How in the world did all of this biomass get here within a few (10?) thousand years? That is the question which young earth positions must deal with. Note that the argument and evidence in this post do not rely upon any dating system, any background knowledge, or other scientific dating systems YECs tend to denigrate. Note that the argument only shows what is observable and asks a question: how did it get here? YECs would have to come up with some way to plausibly explain how all these creatures could have had their lives condensed into about 10,000 years.

God is not a liar (Numbers 23:19). The natural world attests to Him (Psalm 19). These conjoined Biblical points tell us that when we go outside and observe that the life we can observe in the past could not have all lived within 10,000 years, then it did not. Those who claim otherwise seemingly must either introduce a third option (some plausible explanation for these creatures’ lives–and note that it must be more plausible than the argument that they lived and died at the same rate they do now and that the world is simply old enough to have had that much life and death over the course of time) or they fall victim to a dilemma involving the cited verses: either the natural world does not attest to the Truth or God is actively deceiving us. The bottom line is that this is just one more hole in the Young Earth position. YEC is, simply put, false.

Appendix 1: A response to one objection

There have already been a few responses to this post on places other than this site. One response argued that the samples which I and/or Natural Historian took were not representative of the fossil record. Here is my brief response:

Take a trip through the Midwest sometime and look at the cuts through the highways. Every single time you pass through one in Kansas it is absolutely filled with limestone and fossil-rich rock. The same happens  through most of Missouri, Illinois, Indiana, etc. I could literally walk up to a wall of shells and pull out a huge sampling of them.

Now suppose this isn’t representative. Suppose that it just so happened, at random, that the roads were set up in such a way that they only hit the most fossil-rich deposits out there. What does that mean?

Not very much. We can observe these same deposits all over the world. The sheer amount of these deposits means that we could very easily produce the number of fossils Natural Historian estimates over just the Midwest.

Again, to clarify, I’m saying let’s assume that Natural Historian overestimated several thousand(milliion?)-fold and so the number of fossils he estimates for the midwest can only be gathered if we collect them from all over the earth, and only from those highway cuts or other points of exposure where such deposits have observed (again, making the extreme assumption that only those places which have happened to get hit by highways or erosion are those with these deposits). But in that case, we can still gather enough fossils to say the entire surface of the earth could be covered by about 15 fossils per square foot.

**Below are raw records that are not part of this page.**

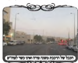
הכבל של הרכבת פסגה צורה ואינו כשר לעירוב

השתמשות בכבל חשמל דורשת שימת לב מיוחדת שיהיה כשר בשבוע זה נתבקשנו מאחת השכונות בירושלים למצוא פתרון לעשות עירוב במקום שעוברת הרכבת הקלה. דבר זה הוא בעייתי מאוד, כיון שלא נותנים רשות להעביר חוט מעליה. לפני כמה שנים היתה בעיה זו גם לעירוב הכללי של הבד"ץ, באזור הגבעה הצרפתית במקום שעובר קו העירוב, נאלצו להשתמש בכבל החשמל של הרכבת שישמש את העירוב, למרות שהוא לא כ"כ ישר. עד שלאחר כמה שנים הגיעו להסדר עם הנהלת הרכבת להעביר חוט ישר. גם במקרה זה הם רצו להסתמך על כבל החשמל של הרכבת, אחד מהכבלים שחוצים לרוחב המסילות והכביש, ושאלו באיזה כבל שייך להשתמש בדקנו את הכבלים, אך לצערנו אף אחד לא היה כשר. והיה להם כמה צורות היה כבלים שהיו מורכבים משני זוויות שונות ואינם קו רציף מצד לצד, שזה אינו כשר כלל. היו כבלים שחצו מצד לצד, אך היו מחוברים להם כבלים לאורך באופן שהזווית אותם לצד בצורה משמעותית מאוד. מתוך קטע ארוך שברחוב, היה רק כבל אחד שהיה נראה מקרוב שהוא די ישר, אך לפעמים מקרוב קשה להבחין בצורה הנכונה של הכבל, לכן עמדנו בצד, וראינו שהצרה שלו משתנית מאוד, ואינו יכול לשמש לצורת הפתח. האברך שביקש לעשות את העירוב היה מאוכזב מאוד, ושאל האם לעשות בכל זאת עירוב כזה. אמרנו לו שבאזור שהוא נמצא שאין עירוב פנימי כלל, מסתבר שיש עדיפות לעשות את העירוב גם כך, אבל לא יהיה ניתן להכשיר ולומר שאפשר לטלטל בו, כיון שההוראה היא שצריך להחזיר את החוט ישר, וללא שוקע ונוטה בצורה כזאת. מדבר זה למדנו, שצריך לבדוק כל מקרה לגופו, ולהתבונן אם הוא עומד בגדלי ההלכה. לא שייך ללמוד ממקרה אחד שהשתמשו בכבל החשמל למקום אחר, כיון שיש לפעמים שינויים שלא שמים לב אליהם, אבל ע"פ הלכה יש בהם משמעות גדולה.
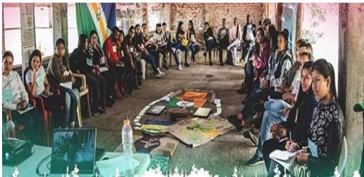
Figura 5.

¿Que se logra? . Que las mujeres adopten un pensamiento nuevo, un pensamiento emprendedor y con una visión futurista.
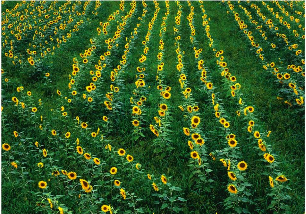
撮影地 南光町
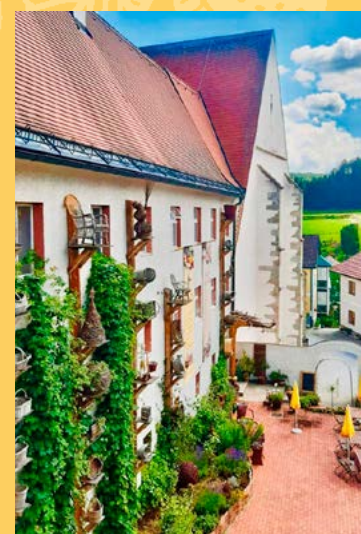
Es gibt vieles zu entdecken in den Kloster-Schul-Werkstätten

H euer begrüßen wir in den Kloster-Schul-Werkstätten Schönbach den Frühling mit vielen neuen Artikeln im regionalen Klosterladen und im Korboutlet.
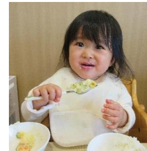
完成したサラダは給食でおいしくいただきました♪
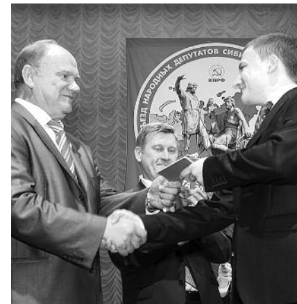
● НА ФОТО: ГЕННАДИЙ ЗОГАНОВ ВРУЧАЕТ ПАРТБИЛЕТ КОММУНИСТУ НА СЪЕЗДЕ ДЕПУТАТОВ СИБИРИ И ДАЛЬНЕГО ВОСТОКА

отделений по обмену опытом и практикой работы в этом направлении.
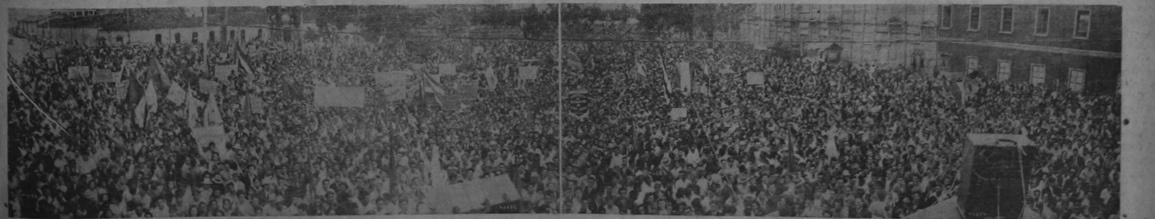
De costado a costado, las cuatro manzanas que forman la plaza España, se vieron repletas por una monstruosa masa humana de costarricenses que dieron a entender elocuentemente la fortaleza irresistible de la organización obrera en Costa Rica. Mejor que nuestras palabras habla esta gráfica de la manifestación del 1º de Mayo en San José. Fue un golpe tremendo en las derrumbadas esperanzas antipatrióticas de la reacción.

But wait–these fossils don’t occur in deep oceans or on land. They only occur in shallow oceans. Suddenly we’re up to about 30 per square foot if we assume they occurred in water anywhere (including riverbeds, deep oceans, and the like). But eliminate the places these types of fossils do not occur and the number of fossils increases even more.

Suddenly we find that the exact problem I raised above remains a problem–even if we only take those fossils which are exposed now (and again note that this is a huge underestimate and requires extreme blind faith that there are no other fossils under the ground anywhere, not to mention the fact that there may be even more fossils that are exposed which could drive that number up exponentially). There has been simply too much life on earth to maintain a young earth position.